N.B. La nouvelle paraîtra également en mai 1958, dans The Saint Detective Magazine, revue
anglaise
Entre la nouvelle et le film, on relève quelques différences :
• Une différence de ton : teinté d’humour chez Hitchcock, noir chez Woolrich/Irish.
• Un léger changement de temps (une dizaine d’années : 1942/1954) puisque les deux
créateurs ont décidé de situer leur œuvre dans leur époque.
• Dans la nouvelle, le personnage principal s’appelle Hal Jefferies et
n’a pas de profession vraiment établie, alors que dans le film, L.B.

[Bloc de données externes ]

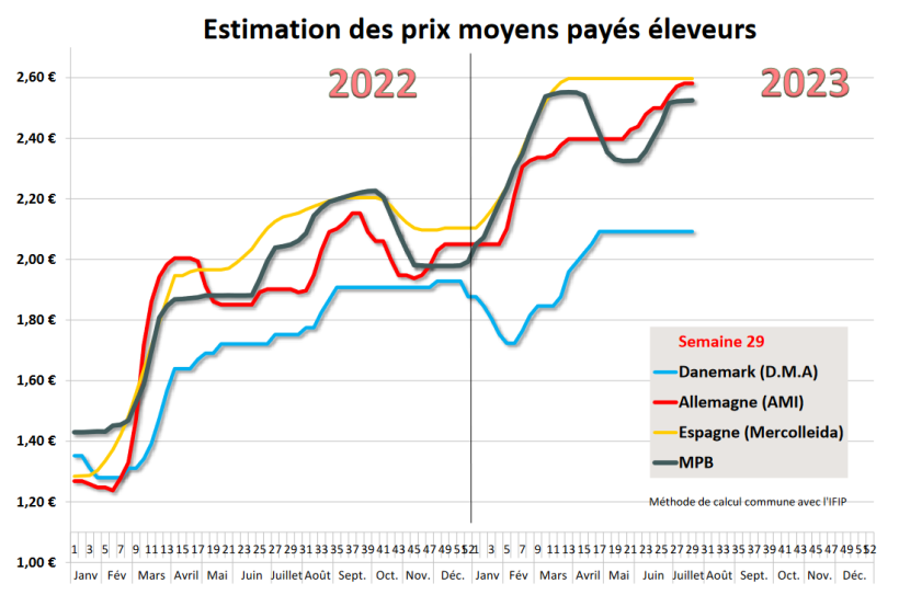 De même en Espagne, la cotation de Mercolleida a été reconduite à son plus haut niveau et ce pour la quinzième semaine consécutive. Les poids ont fortement baissé depuis 3 semaines mais restent cependant très largement supérieurs aux mêmes références de 2022. Les mises en marché de porcs charcutiers sont un peu plus importantes depuis quelques semaines car les éleveurs ont besoin de place pour les porcelets. Toutefois le niveau de l’offre ne devrait pas remonter de sitôt en raison des températures très élevées de jour comme de nuit qui compromettent la croissance des animaux. L’inquiétude actuelle se porte sur l’évolution des cours des céréales depuis l’annonce par la Russie de la fin de l’accord sur le corridor céréalier de la Mer Noire.
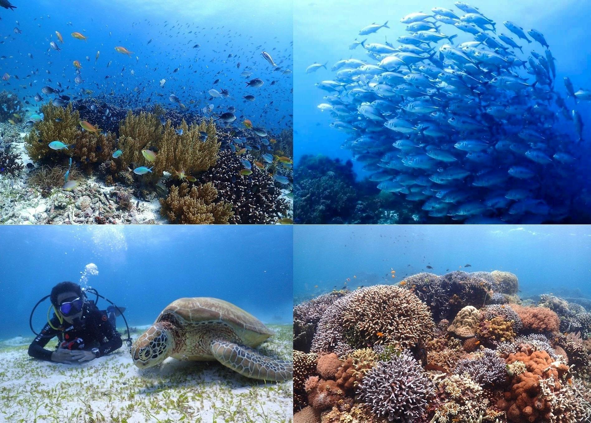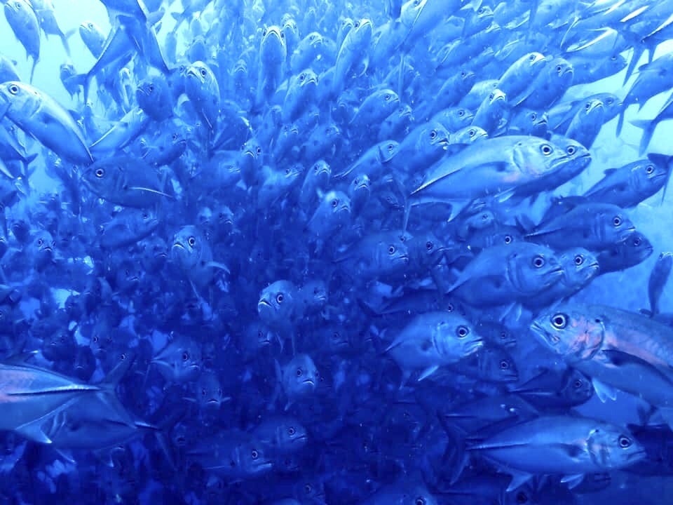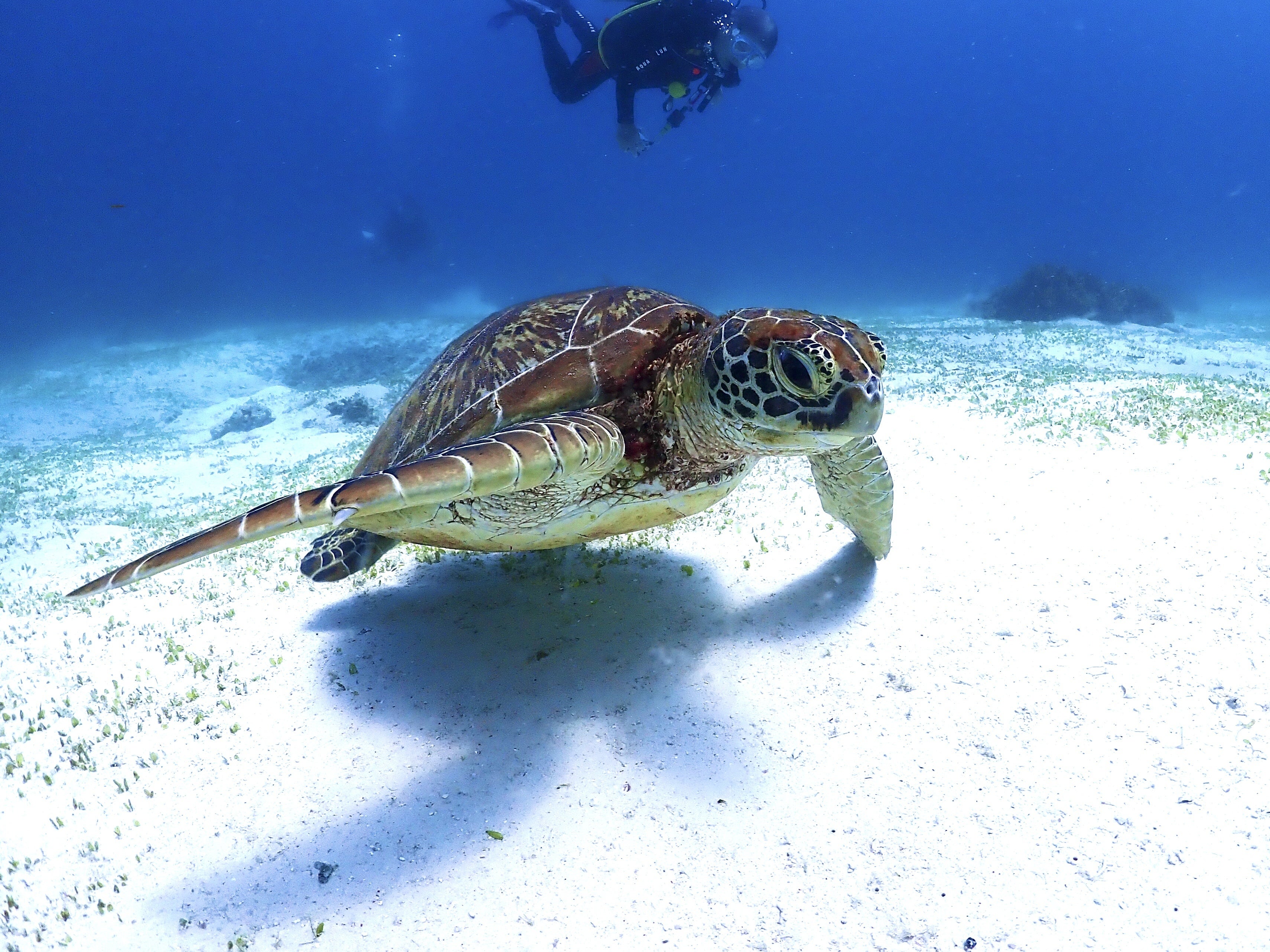大人気のバリカサグ島では大迫力のギンガメアジのトルネードが見れ、アオウミガメをじっくり観察しながらツーショットなんかも撮れます。

Jefferies est un baroudeur, qui parcourt le monde pour son travail
de photographe.
• Hitchcock et son scénariste remplacent Sam, the house boy, par
Stella, l’infirmière et Lisa, the girlfriend.
• Dans la scène de la confrontation finale entre le héros et le
criminel, Hal est sauvé par le buste de Rousseau (« ou de
Montesquieu », il ne sait pas distinguer les deux…) alors que dans
le film, Jefferies est sauvé par les flashes de son appareil photo.

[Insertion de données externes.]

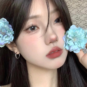 梦幻蓝山茶花发夹仿真花朵侧边夹甜美清新纯欲风海边度假饰品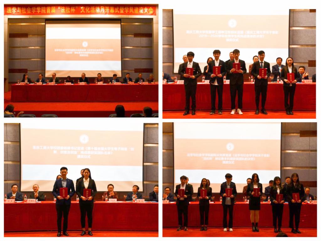 法学与社会学学院院长黄文介绍了文化月活动概况。申卫东为2019-2020学年获得优良学风班、先进班集体的优秀班级颁奖。杨娟为学院在第十届全国大学生电子商务“创新、创意及创业”挑战赛中获得重庆市二等奖的团队颁奖。法学与社会学学院副院长刘勇为在“法社杯”本科组辩论赛中表现优异的团队和辩手颁奖,副院长侯明喜为在社工论坛创新大赛校级赛中获奖的团队和个人颁奖。

Extrait n°1 : situation initiale
I didn’t know their names. I’d never heard their voices. I didn’t even know them by sight, strictly
speaking, for their faces were too small to fill in with identifiable features at that distance. Yet I could
have constructed a timetable of their comings and goings, their daily habits and activities. They were
the rear-window dwellers around me.
Sure, I suppose it was a little bit like prying, could even have been mistaken for the fevered
concentration of a Peeping Tom. That wasn’t my fault, that wasn’t the idea. The idea was, my
movements were strictly limited just around this time. I could get from the window to the bed, and
from the bed to the window, and that was all. The bay window was about the best feature my rear
bedroom had in the warm weather. It was unscreened, so I had to sit with the light out or I would have
had every insect in the vicinity in on me. I couldn’t sleep, because I was used to getting plenty of
exercise. I’d never acquired the habit of reading books to ward off boredom, so I hadn’t that to turn to.
Well, what should I do, sit there with my eyes tightly shuttered ?
Extrait n°2 : les premiers soupçons
I looked around to make sure the door was safely closed between Sam and me. My hand hovered
uncertainly over the telephone dial a minute. Boyne, he’d be the one to tell about it. He was on
Homicide. He had been, anyway, when I’d last seen him. I didn’t want to get a flock of strange dicks
and cops into my hair. I didn’t want to be involved any more than I had to. Or at all, if possible.
They switched my call to the right place after a couple of wrong tries, and I got him finally.
“Look, Boyne? This is Hal Jefferies—“
“Well, where’ve you been the last sixty-two years?” he started to enthuse.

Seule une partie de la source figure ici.